Vor dem Hintergrund des Kriegs in der Ukraine will die Bundesregierung außerdem für 1,5 Milliarden Euro Flüssiggas kaufen. Diese Summe sei dem Gashändler Trading Hub Europe zur Verfügung gestellt worden, sagte ein Sprecher des Bundeswirtschaftsministeriums am Mittwoch in Berlin. Der Kauf werde „kurzfristig“getätigt. Wo genau das Gas eingekauft werde, entscheide die Firma. Trading Hub Europe managt als sogenannter Marktgebietsverantwortlicher das deutsche Gasnetz.

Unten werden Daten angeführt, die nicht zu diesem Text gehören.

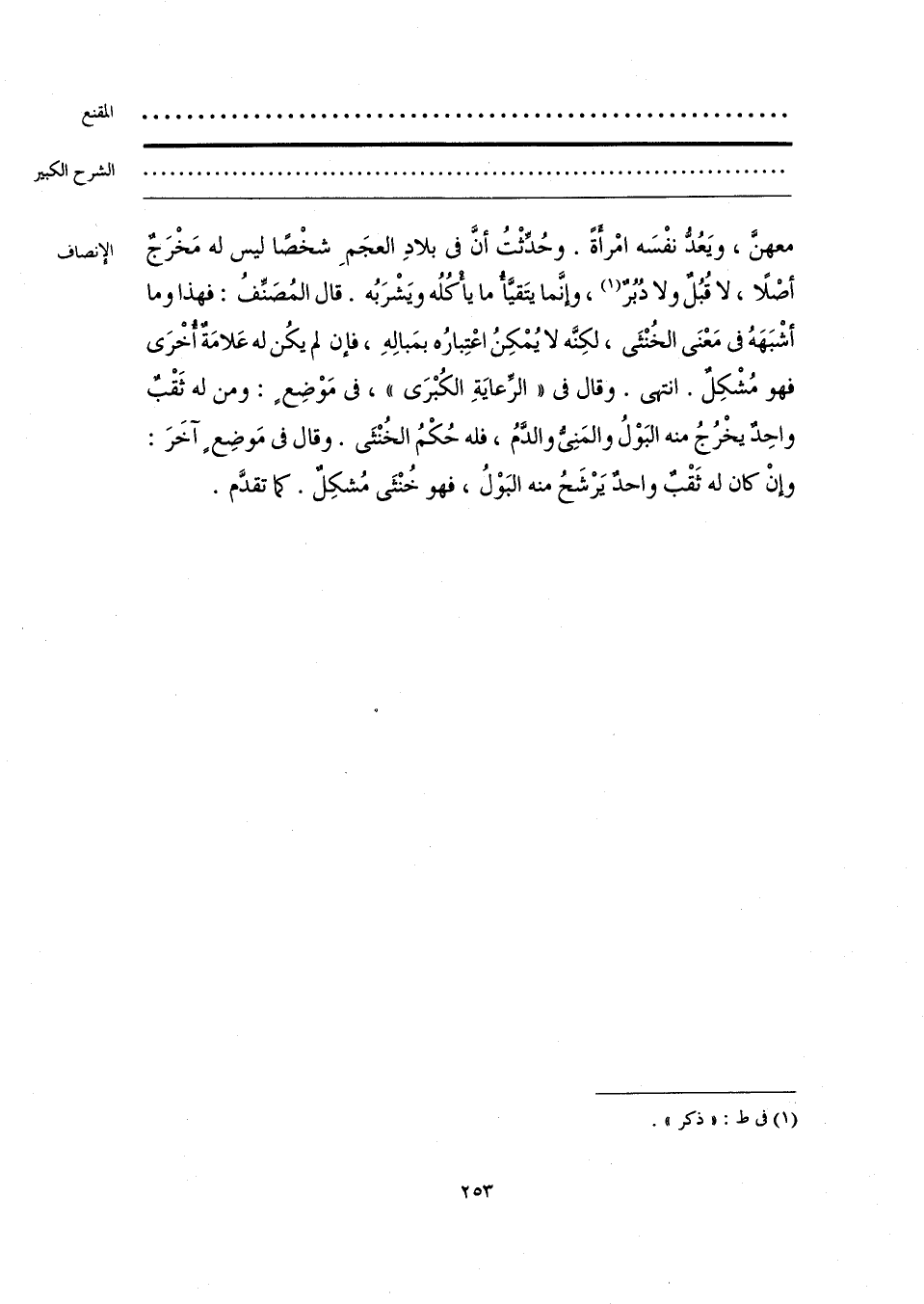 معهنَّ، ويَعُدُّ نفْسَه امْرأَةً. وحُدِّثْتُ أنَّ في بلادِ العجَمِ شخْصًا ليس له مَخْرَجٌ أصْلًا، لا قُبُلٌ ولا دُبُرٌ (¬1)، وإنَّما يتَقيَّأُ ما يأْكُلُه ويَشْرَبُه. قال المُصَنِّفُ: فهذا وما أشْبَهَهُ في مَعْنَى الخُنْثَى، لكِنَّه لا يُمْكِنُ اعْتِبارُه بمَبالِهِ، فإن لم يكُن له عَلامَةٌ أُخْرَى فهو مُشْكِلٌ. انتهى. وقال في «الرِّعايَةِ الكُبْرَى»، في مَوْضِعٍ: ومن له ثَقْبٌ واحِدٌ يخْرُجُ منه البَوْلُ والمَنِيُّ والدَّمُ، فله حُكْمُ الخُنْثَى. وقال في مَوضِعٍ آخَرَ: وإنْ كان له ثَقْبٌ واحدٌ يَرْشَحُ منه البَوْلُ، فهو خُنْثَى مُشكِلٌ. كما تقدَّم.

Bundeswirtschaftsminister Habeck hält des Weiteren für die Energieversorgung eine längere Laufzeit auch für Kohlekraftwerke für denkbar. „Kurzfristig kann es sein, dass wir vorsichtshalber, um vorbereitet zu sein für das Schlimmste, Kohlekraftwerke in der Reserve halten müssen, vielleicht sogar laufen lassen müssen“, sagte Habeck am Mittwoch im Deutschlandfunk. Habeck betonte aber auch die Bedeutung erneuerbarer Energien für eine bessere Versorgungssicherheit.
„Je stärker wir uns auf eigene Energiequellen stützen und je stärker diese eigenen Energiequellen nicht durch Importe abhängig sind, umso souveräner agieren wir auch außenpolitisch“, sagte Habeck weiter. Klar sei, dass eine unabhängige Energiepolitik und eine klimaneutrale Energieproduktion gleichbedeutend seien. Erste Priorität sei jedoch die Versorgungssicherheit. Da müsse „der Pragmatismus jede politische Festlegung schlagen“, sagte der Wirtschaftsminister.
Bayerns Ministerpräsident Markus Söder (CSU) sagte hingegen, dass man zur Sicherung der Energieversorgung in Deutschland eher auf Kernenergie statt Kohlekraftwerke setzen solle. Ein längerer Betrieb der verbliebenen Atomkraftwerke in Deutschland könne für einen „kurz begrenzten“Zeitraum „sehr helfen“, sagte Söder am Mittwoch nach einer Kabinettssitzung in München. Das sei eine Möglichkeit, „Sicherheit und Klimaschutz zu verbinden“. „Wir sind keine Anhänger der Kernenergie mehr, wie wir es vor vielen Jahren waren“, sagte Söder. „Wir sehen die Herausforderungen.“Es sei ihm aber lieber, die Laufzeit von Atomkraftwerken für drei bis fünf Jahre zu verlängern als die von Kohlekraftwerken, betonte Söder. Er halte auch eine Verlängerung der Laufzeit für das Atomkraftwerk Isar 2 im niederbayerischen Essenbach für möglich.